Più puliti di Copenaghen: i termovalorizzatori siciliani saranno i meno inquinanti d’Europa

Presentati stamattina a Palazzo d’Orleans i due progetti definitivi dei termovalorizzatori di Palermo e Catania. Saranno tra gli impianti con le emissioni più basse d’Europa, più efficienti del celebre Copenhill di Copenaghen, considerato il riferimento mondiale del settore. Il presidente Schifani: «Oggi è uno dei giorni più importanti della mia vita. La macchina è partita e non si torna indietro». I lavori saranno affidati nella primavera del 2027, l’inaugurazione è prevista entro il 2028.

I due impianti – tecnicamente definiti WTE, Waste to Energy, ovvero “dal rifiuto all’energia” – avranno una capacità complessiva di smaltimento di 600.000 tonnellate l’anno e produrranno 469,6 GWh di energia elettrica, pari al fabbisogno di 174.000 famiglie siciliane. Il 10% dell’energia servirà ad autoalimentare gli impianti, il 90% sarà ceduto alla rete elettrica, garantendo un introito che consentirà di abbassare le tariffe di conferimento per i Comuni e, di conseguenza, la Tari per i cittadini. Gli impianti saranno attivi per 8.000 ore l’anno – il 91% del tempo – un primato che li rende tra i più affidabili d’Europa. Il costo complessivo è di 881 milioni di euro a base d’asta, finanziati con le risorse del Fondo per lo Sviluppo e la Coesione.

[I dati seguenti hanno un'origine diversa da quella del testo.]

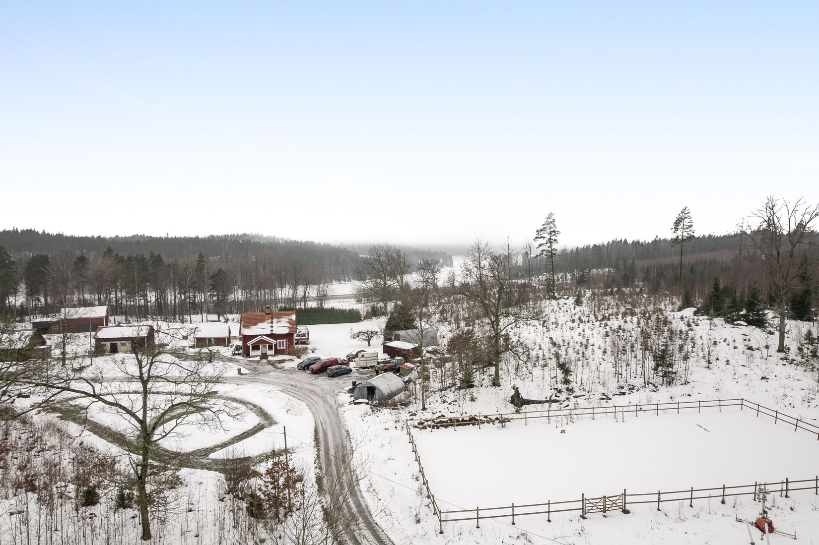 Marken omfattar ca 5 hektar skog, 3 hektar betesmark och 1 hektar övrig mark enligt säljaren, vilket ger oändliga möjligheter för djurhållning, odling eller rekreation. Den natursköna tomten ger stor integritet och ett rofyllt läge, omgiven av öppna landskap och grönska.
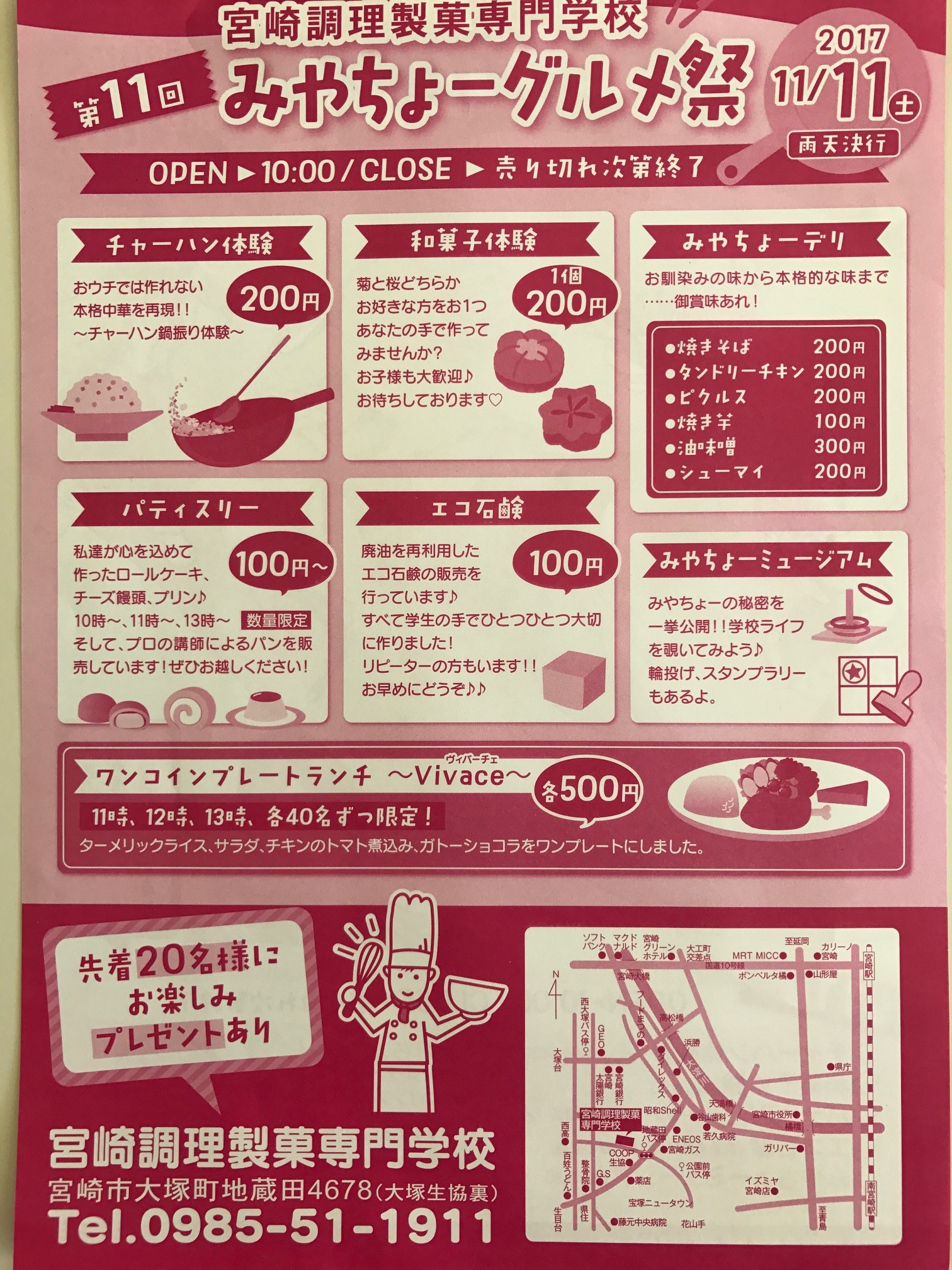 手作りのお菓子やパンの販売、調理体験(チャーハン)やワンプレート500円ランチなど心躍る内容となっております。美味しく楽しい『みやちょーグルメ祭』へ是非、お越しくださいね。
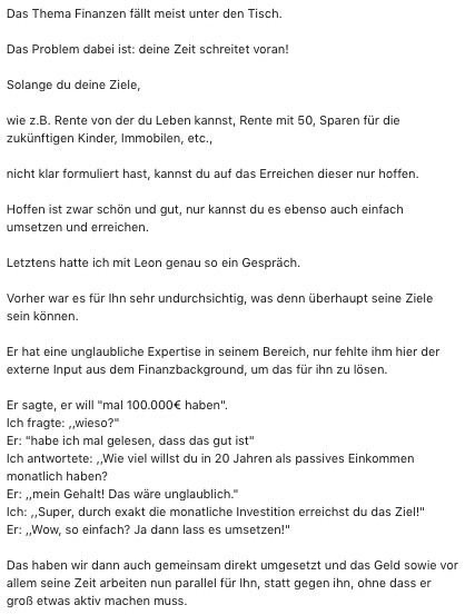 Ich bin über eine Empfehlung durch die Familie auf Marco aufmerksam geworden. Bei mir ging es in erster Linie um das Thema Altersvorsorge, das ich lange aufgeschoben und jetzt endlich angehen wollte, um einen Hacken dran zu setzen. Marco war es wichtig, dass ich mich vor dem Beratungsgespräch mit dem Thema selbst beschäftigt habe, um die verschiedenen Möglichkeiten der Altersvorsorge, sowie die jeweiligen Vor- und Nachteile, zu verstehen. Dafür hat er mir Informationen in Videoform zukommen lassen, die auch für einen Laien gut nachvollziehbar sind. Nachdem ich so meine konkreten Ziele formulieren konnte, berechnete Marco ausgehend von meiner Rentenlücke die bestmöglichen Optionen, diese zu schließen. Dabei versucht er nicht, dir „eine Versicherung anzudrehen“, sondern stellt die Rechnungen transparent und im Detail gegenüber auf und überlässt es einem selbst, am Ende eine Entscheidung zu treffen. Ich habe Marco als sehr kompetent und vertrauensvoll erlebt und kann ihn deshalb mit gutem Gewissen weiterempfehlen.
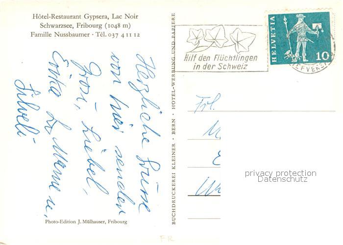 13747038 alte Postkarte Fribourg FR Restaurant-Hotel Gypsera Schwarzsee postalisch gelaufen Erhaltung siehe scans [LiesaD40] KatCode: 11470070270252
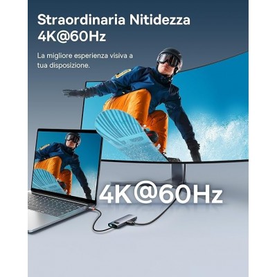 • 【Ultra nitido 4K@60Hz】La porta HDMI supporta una nitidezza massima di 4K@60Hz per la trasmissione su schermo con modalità estensione e specchio, ed è compatibile con 1080P@120Hz per un'elevata frequenza di refresh, per un'esperienza visiva senza precedenti
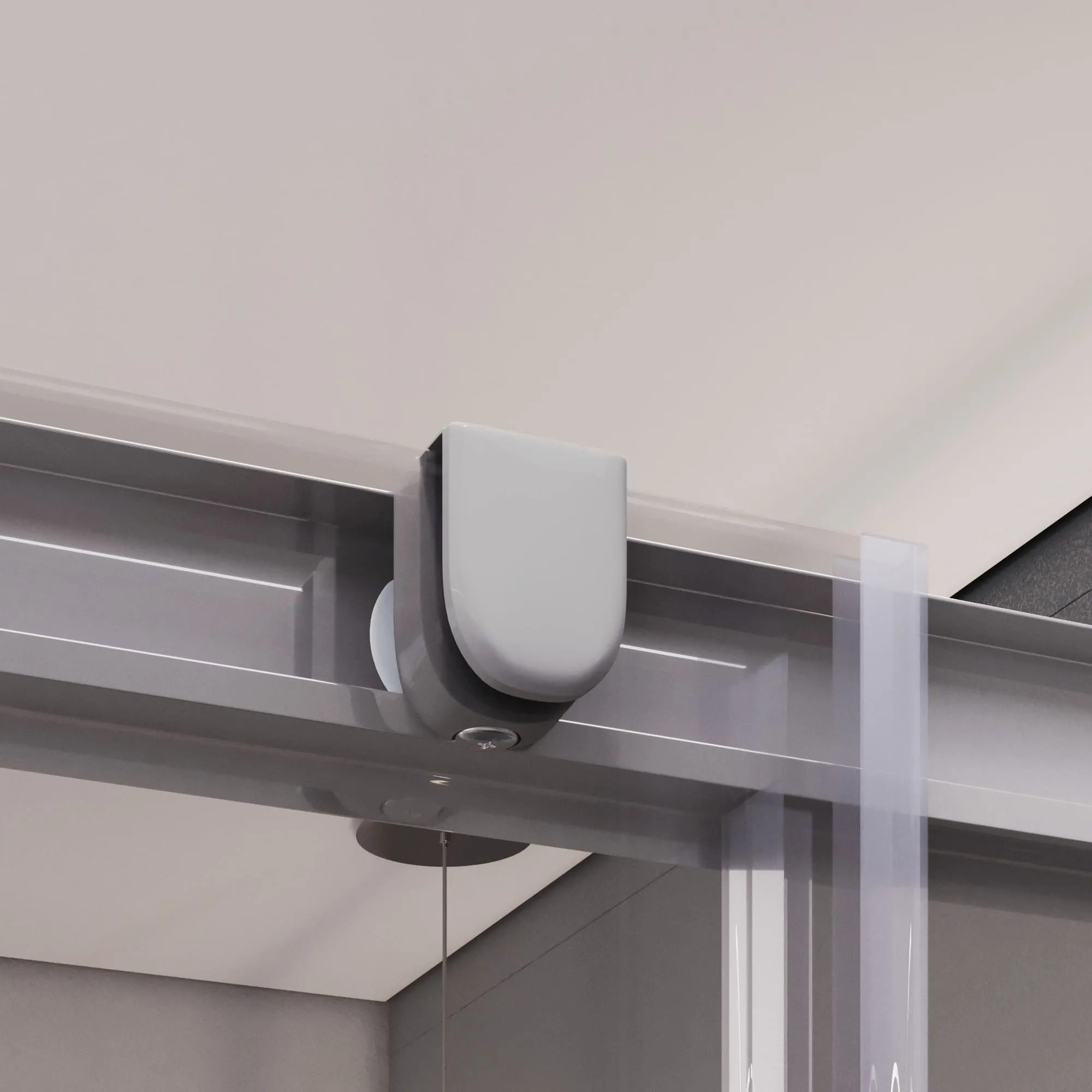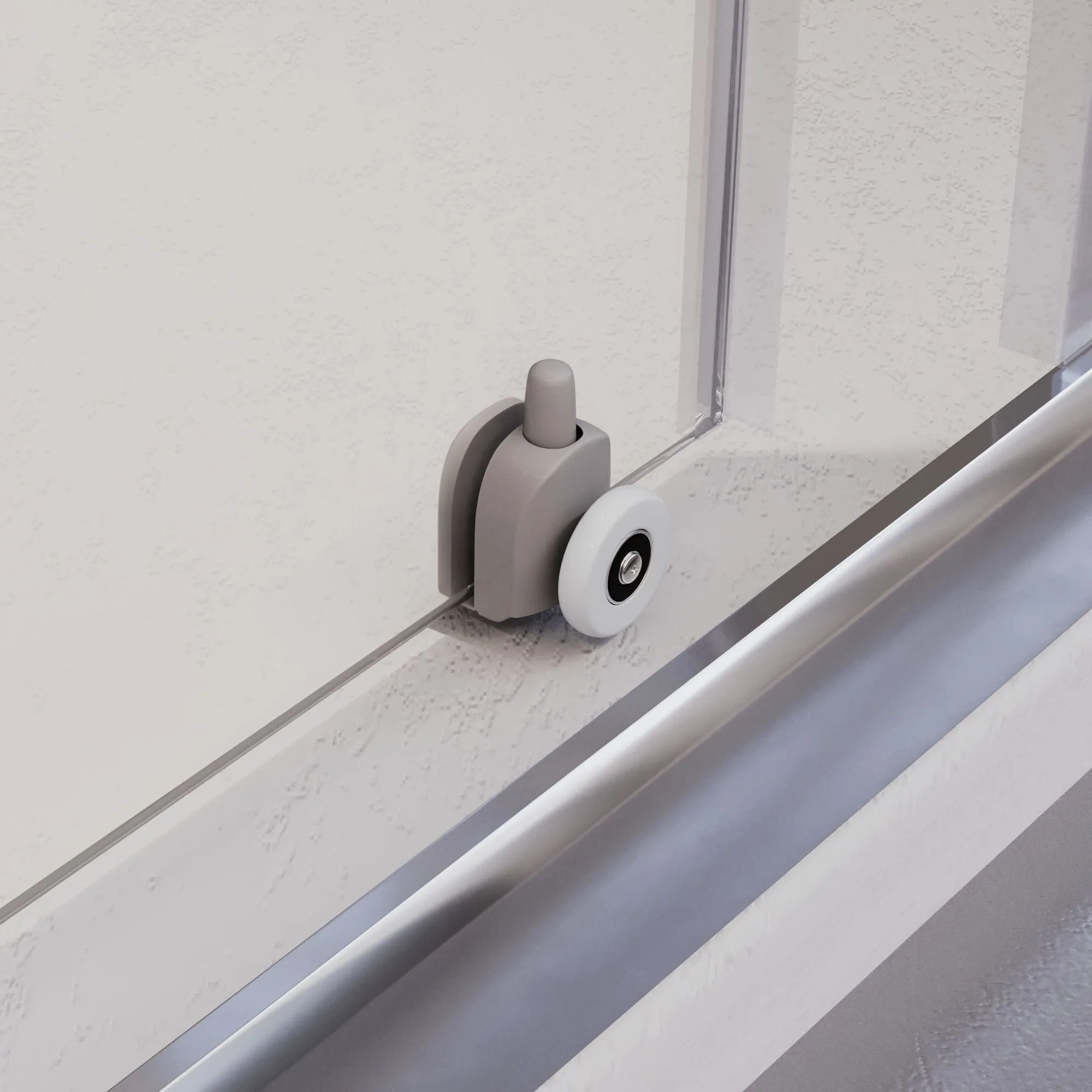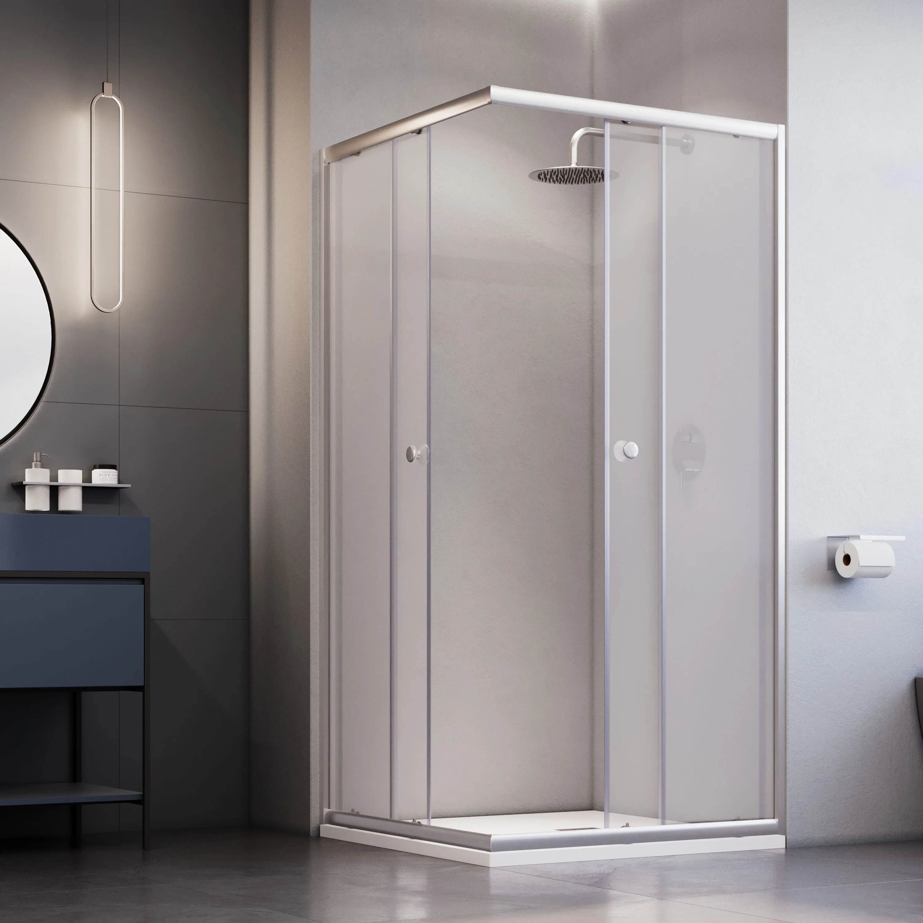 Бюджетный душевой уголок из стекла с раздвижными дверьми в профиле шириной 4 см образует квадратную душевую зону со входом с угла. Стеклянный уголок, ограждающий водяной поток, состоит из двух – стационарных полотен и двух раздвигающихся полотен «Дверь», которые установлены на ролики. При открытии двери плавно сдвигаются, раскрывая широкий вход с угла.

Le emissioni: meno inquinanti di Copenaghen e Bolzano

I dati tecnici illustrati dall’ingegnere Francesco Martino sono netti: gli impianti siciliani emetteranno il 97% in meno di diossine rispetto a Bolzano – fino a oggi il riferimento nazionale – il 96% in meno rispetto a Copenaghen e il 75% in meno rispetto a Roma. Per dare un’idea concreta: l’impianto di Bolzano emette in 9 giorni le stesse diossine che i due siciliani emetteranno in un anno intero. Sul fronte idrico, l’intero fabbisogno sarà coperto da fonti di recupero e ricircolo – acque meteoriche, condense di processo, spurghi del ciclo termico – trattate con osmosi inversa. Per Catania il contributo arriverà dall’effluente del depuratore civile di Pantano d’Arci. Nessun prelievo da falde sotterranee o dall’acquedotto pubblico.

L’impianto di Catania: un parco urbano sul mare

I due impianti sono stati progettati tenendo conto della diversità dei luoghi in cui sorgeranno, come ha spiegato l’architetto Claudio Turrini di Crew. A Catania, inserito in un contesto prevalentemente industriale a tre chilometri dal mare, l’impianto diventerà un parco urbano pubblico sul modello del Copenhill di Copenaghen: verde pensile, specchi d’acqua e un centro visitatori ridisegneranno il quartiere. A Palermo, nell’area di Bellolampo, l’edificio si mimetizzerà con il paesaggio circostante, con facciate in corten – il materiale che riprende i colori della roccia siciliana – e un tetto percorribile.

La fine del sistema delle discariche

Oggi una parte consistente dei rifiuti siciliani viene trasferita al Nord o all’estero, percorrendo oltre mille chilometri, a un costo di circa 380 euro a tonnellata, tre volte la media nazionale. Con i nuovi impianti tutta la componente non riciclabile sarà trattata in Sicilia. I conferimenti in discarica scenderanno da 748.000 tonnellate nel 2027 a 500.000 nel 2028, fino a 140.000 nel 2030. L’obiettivo finale è portare la Sicilia al 65% di recupero di materia e ridurre al 10% il conferimento in discarica, con un risparmio stimato di 100 milioni di euro all’anno per Comuni e famiglie. Schifani non nasconde l’emozione: «Quando ho iniziato questo percorso venivo visto come un alieno. Adesso abbiamo raggiunto un punto di non ritorno. Posso dire che oggi è uno dei giorni più importanti della mia vita».